## RECORDS FOR THIS EXERCISE
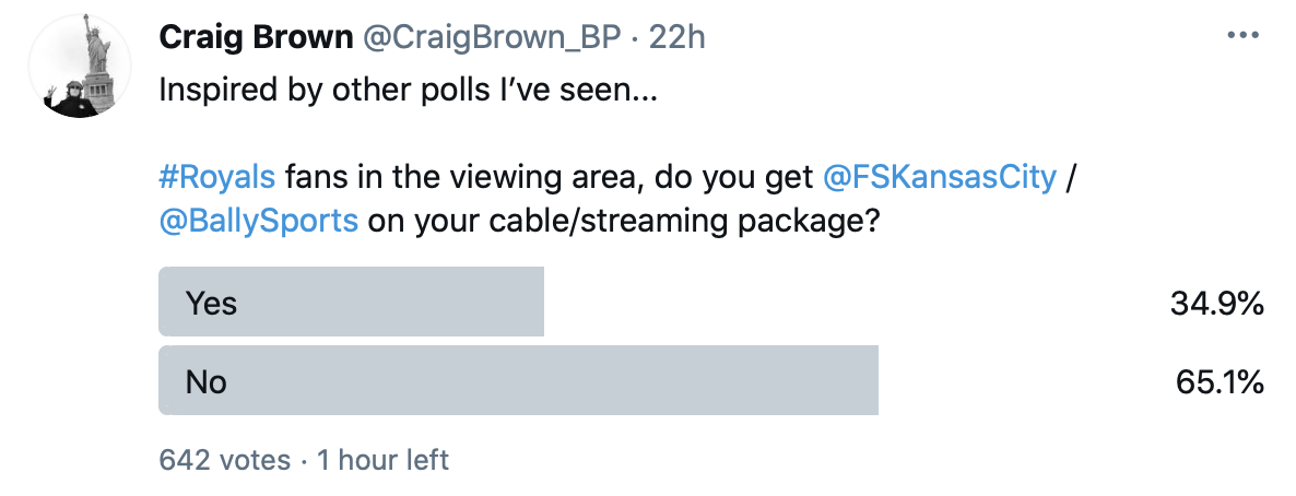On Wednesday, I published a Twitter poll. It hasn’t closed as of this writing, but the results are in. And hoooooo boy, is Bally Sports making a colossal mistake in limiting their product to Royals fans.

--

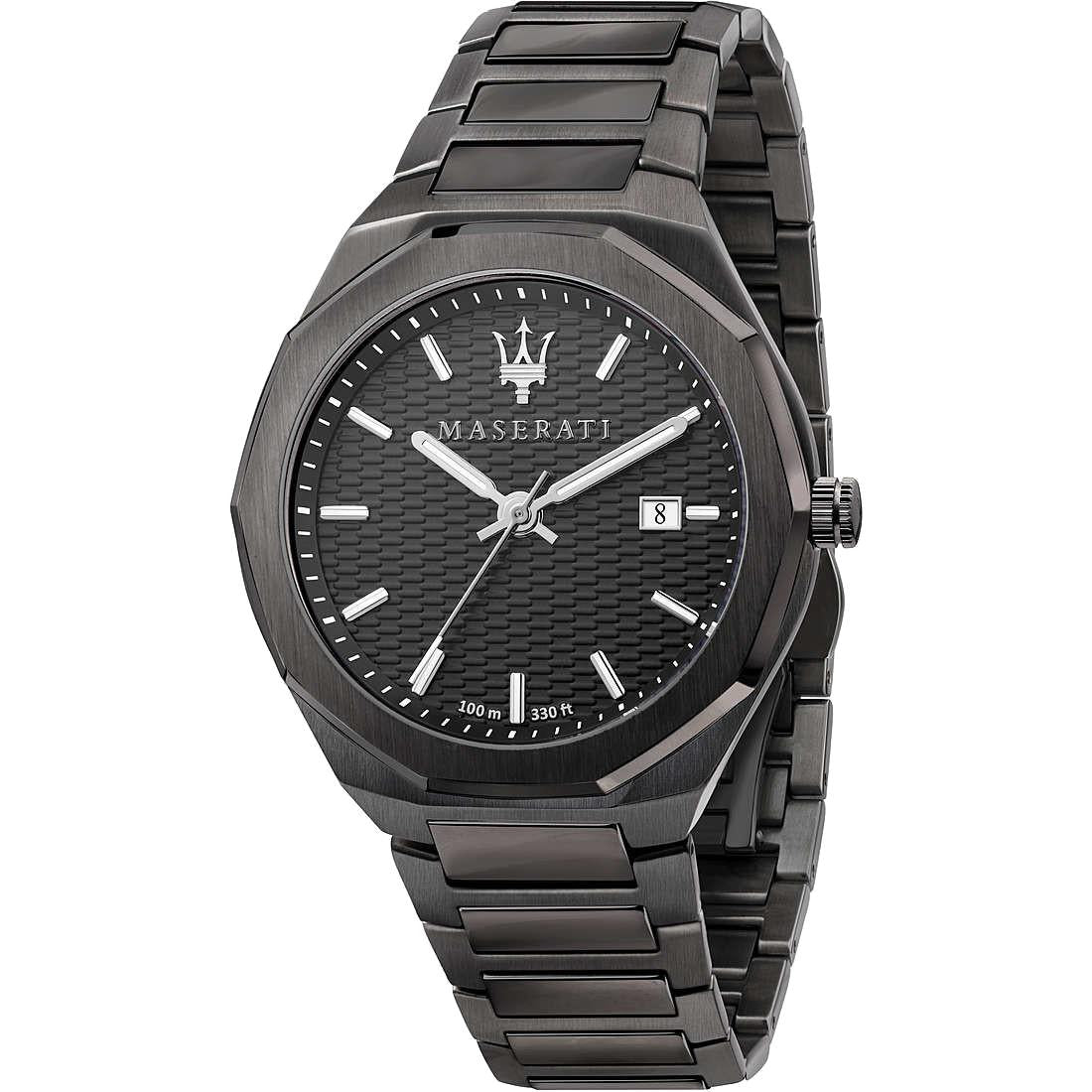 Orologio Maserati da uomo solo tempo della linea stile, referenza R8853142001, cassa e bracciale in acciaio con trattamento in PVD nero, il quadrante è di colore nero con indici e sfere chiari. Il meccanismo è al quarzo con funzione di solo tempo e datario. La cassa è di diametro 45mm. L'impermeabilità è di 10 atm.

...

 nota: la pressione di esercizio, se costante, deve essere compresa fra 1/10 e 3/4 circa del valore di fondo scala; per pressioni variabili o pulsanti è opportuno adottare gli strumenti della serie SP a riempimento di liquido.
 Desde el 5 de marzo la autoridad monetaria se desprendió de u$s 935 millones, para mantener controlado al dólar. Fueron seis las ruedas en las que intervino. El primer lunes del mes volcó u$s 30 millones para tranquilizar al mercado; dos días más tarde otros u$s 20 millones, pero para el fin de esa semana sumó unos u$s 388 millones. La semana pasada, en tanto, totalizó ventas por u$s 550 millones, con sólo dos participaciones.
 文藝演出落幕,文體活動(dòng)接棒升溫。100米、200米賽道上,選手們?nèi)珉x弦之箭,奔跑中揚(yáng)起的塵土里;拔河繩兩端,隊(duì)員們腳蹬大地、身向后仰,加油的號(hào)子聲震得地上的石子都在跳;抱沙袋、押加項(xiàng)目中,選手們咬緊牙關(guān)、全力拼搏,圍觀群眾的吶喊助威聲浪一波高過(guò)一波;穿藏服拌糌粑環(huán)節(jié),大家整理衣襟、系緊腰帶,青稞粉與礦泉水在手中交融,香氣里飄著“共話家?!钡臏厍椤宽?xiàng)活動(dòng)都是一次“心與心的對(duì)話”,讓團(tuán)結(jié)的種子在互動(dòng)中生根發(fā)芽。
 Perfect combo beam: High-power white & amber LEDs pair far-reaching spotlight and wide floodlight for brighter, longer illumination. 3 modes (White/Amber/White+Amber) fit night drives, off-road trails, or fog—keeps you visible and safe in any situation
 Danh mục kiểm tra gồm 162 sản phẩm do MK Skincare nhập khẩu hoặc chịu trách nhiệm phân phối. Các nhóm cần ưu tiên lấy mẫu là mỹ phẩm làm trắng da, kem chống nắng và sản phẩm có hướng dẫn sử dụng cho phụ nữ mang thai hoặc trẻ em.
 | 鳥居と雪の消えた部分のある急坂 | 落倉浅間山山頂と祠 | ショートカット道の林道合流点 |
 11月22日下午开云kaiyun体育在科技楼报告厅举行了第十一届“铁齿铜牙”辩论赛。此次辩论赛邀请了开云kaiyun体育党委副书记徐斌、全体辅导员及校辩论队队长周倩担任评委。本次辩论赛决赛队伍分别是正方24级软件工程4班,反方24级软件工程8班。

## TASK DESCRIPTION
The required output is the stretch of entries above from the line containing "Danh mục kiểm" through the line containing "落倉浅間山山頂と祠 | ショートカット道の林道合流点 |", reproduced exactly.

## EXERCISE OUTPUT
 Danh mục kiểm tra gồm 162 sản phẩm do MK Skincare nhập khẩu hoặc chịu trách nhiệm phân phối. Các nhóm cần ưu tiên lấy mẫu là mỹ phẩm làm trắng da, kem chống nắng và sản phẩm có hướng dẫn sử dụng cho phụ nữ mang thai hoặc trẻ em.
 | 鳥居と雪の消えた部分のある急坂 | 落倉浅間山山頂と祠 | ショートカット道の林道合流点 |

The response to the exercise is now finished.